Fig. 2. Machine learning AI in diagnostic imaging.

Fig. 2

a Overview of the training process for deep learning architectures. In supervised deep learning, neural networks are trained on input data paired with validated outputs (“ground truth”). Knowing what the correct output should be, the neural network runs a program (e.g., backpropagation with gradient descent of the loss function to update connection weights) to adjust how it processes input data, eventually learning to do so in a way that reliably leads to the correct (ground truth) outputs. Chest radiograph examples were provided by the National Institutes of Health Clinical Center and downloaded from https://nihcc.app.box.com/v/ChestXray-NIHCC19. b Deep learning neural networks are the most common machine learning architecture for image-interpreting AI. Information propagates through sequential computational units (“neurons”*). Each unit can implement a mathematical function to transform its input.
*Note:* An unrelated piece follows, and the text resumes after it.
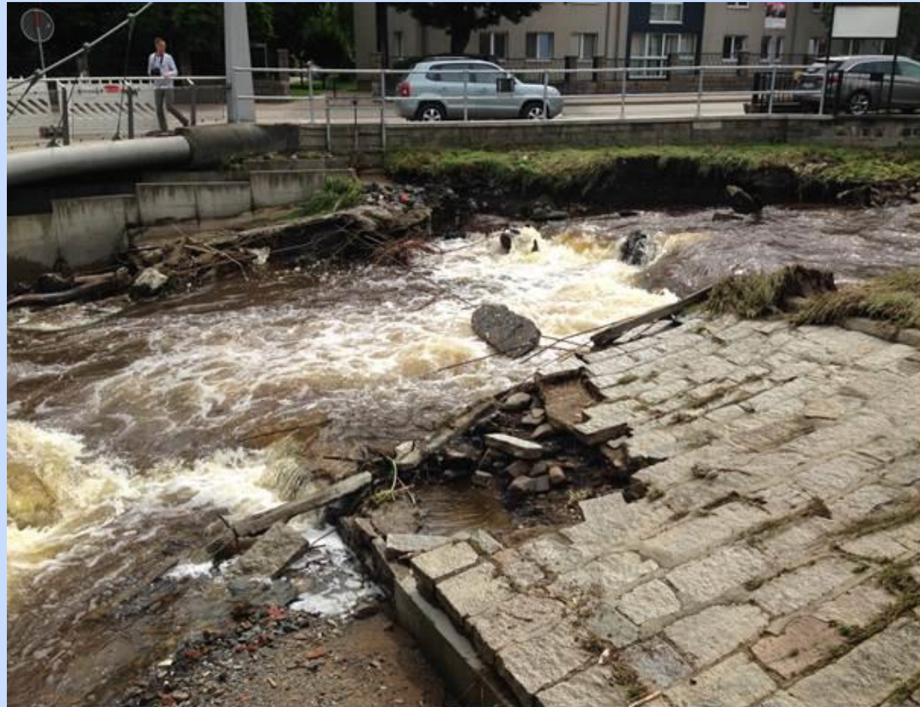
Weggerissenes Wehr in Wernigerode, Holtemme

Crucially, the training period adjusts the processing that occurs in the “hidden layers” of neurons. This processing may include convolutional filters, nonlinear activations, and other complex methods to map complex, multi-scale image features. *Note: “neuron” here refers to a computational processing unit rather than a biological cell. c Machine learning systems can identify diagnostically relevant imaging features that are difficult for radiologists to see because of their subtle texture, small size, camouflaged colors, spatially complex features, higher-order statistical patterns without an obvious visual correlate, or other reasons. d Comparison between medical image analysis by AI and radiologists.